İnanç değil, istismar: Cumhuriyetin Sınavı (DEAŞ GERÇEĞİ)
Abdullah Yeniekinci
4 saat önce
Bu ülkede artık kelimeleri eğip bükmenin, “ama”larla konuşmanın, susarak geçiştirmenin zamanı çoktan geçti. Mesele inanç değildir. Mesele din de değildir. Mesele, dini bir maske gibi kullanarak devleti, toplumu ve Cumhuriyet’i içeriden kemiren yapılardır.
Tarikatlar, cemaatler ve siyasal İslamcı örgütlenmeler, yıllardır aynı işlevi görüyor: İnsan devşiriyor, aklı teslim alıyor, itaat kültürü üretiyor ve zamanı geldiğinde bu toplumu hedef alan şiddetin insan kaynağını oluşturuyor. Bugün DEAŞ’tır, yarın başka bir isim. İsimler değişir, zihniyet değişmez.

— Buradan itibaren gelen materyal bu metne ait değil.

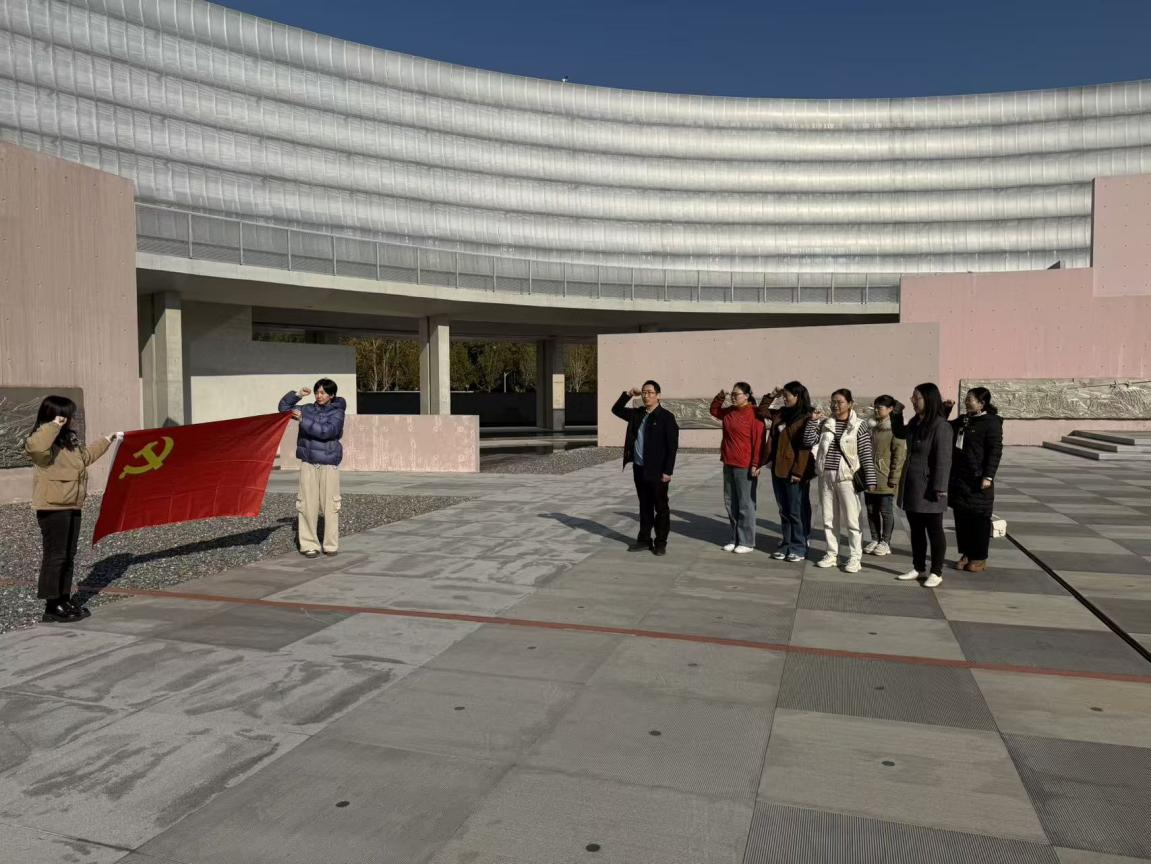 活动首站,支部党员集体抵达南京宪法公园。作为全国首个多功能宪法主题公园,该公园于2022年被国家司法部授予“全国法治宣传教育基地”称号,其庄重的环形建筑布局与系统的展陈内容相得益彰,深刻传递着宪法的至高权威与根本地位。在参观前的宪法宣誓广场,学院党委书记屈家安带领全体党员高举右拳,重温入党誓词,铮铮誓言彰显着党员们坚守法治信仰、践行初心使命的坚定决心。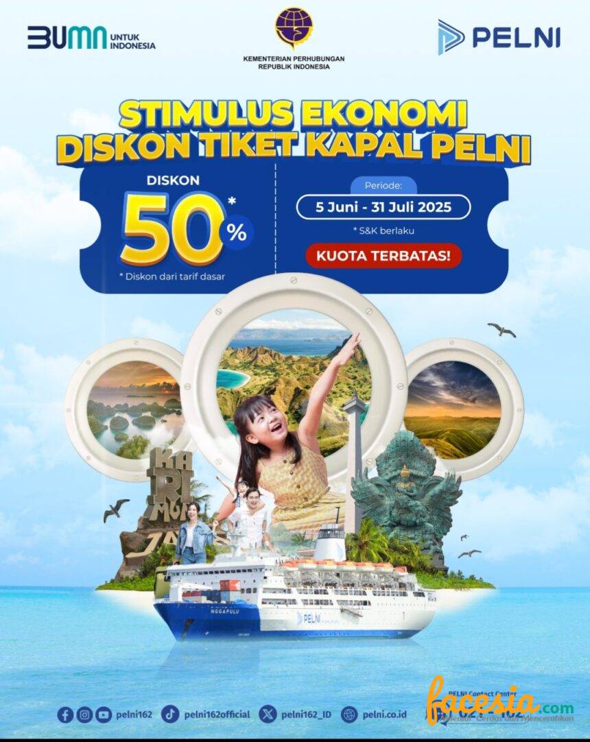 JAKARTA – PT Pelayaran Nasional Indonesia atau PT PELNI (Persero) resmi memberlakukan kebijakan stimulus ekonomi dengan memberikan diskon tiket sebesar 50% untuk pembelian tiket dan keberangkatan mulai 5 Juni 2025 sampai dengan keberangkatan 31 Juli 2025. Pemberian diskon ini sejalan dengan arahan pemerintah dalam mendukung stimulus perekonomian yang diumumkan beberapa waktu lalu.
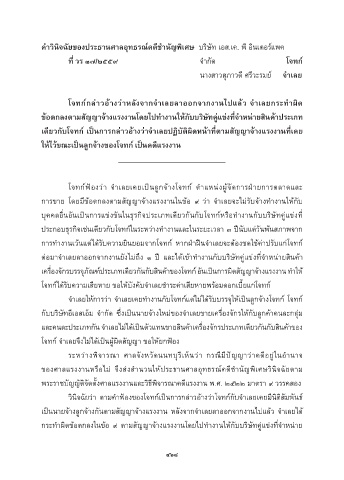 กำรขำย โดยมีข้อตกลงตำมสัญญำจ้ำงแรงงำนในข้อ ๙ ว่ำ จ�ำเลยจะไม่รับจ้ำงท�ำงำนให้กับ

Mustafa Kemal Atatürk’ün tekke ve zaviyeleri kapatırken hedef aldığı şey “din” değildi. Tam tersine, dini istismar eden, hurafeyle, biatla ve kör bağlılıkla toplumu çürüten yapılardı. Cumhuriyet, inanca düşman olduğu için değil; inancı sömürenlere teslim olmayacağı için bu adımı attı. Bugün hâlâ bunu anlamayanlar ya cahildir ya da bilinçli olarak yalan söylüyordur.
Yalova’da yaşanan DEAŞ bağlantılı saldırı bir “istisna” değil, yıllardır görmezden gelinen gerçeğin son halkasıdır. Üç polisimiz şehit oldu. Bu kan, “aman şimdi din karşıtı derler” korkusuyla susanların da elindedir. Çünkü susmak, bu düzenin en sadık ortağıdır.
HÜDA-PAR ve benzeri yapılar, Cumhuriyet’le sorunu olan, laiklikten nefret eden, hukuku değil ideolojiyi esas alan siyasi oluşumlardır. Bunların “siyaset” adı altında meşrulaştırılması, Anayasa’ya karşı işlenen açık bir suçtur. Cumhuriyet düşmanlığı bir fikir özgürlüğü değildir. Hiçbir demokratik rejim, kendisini ortadan kaldırmak isteyen yapılara hoşgörü göstermez.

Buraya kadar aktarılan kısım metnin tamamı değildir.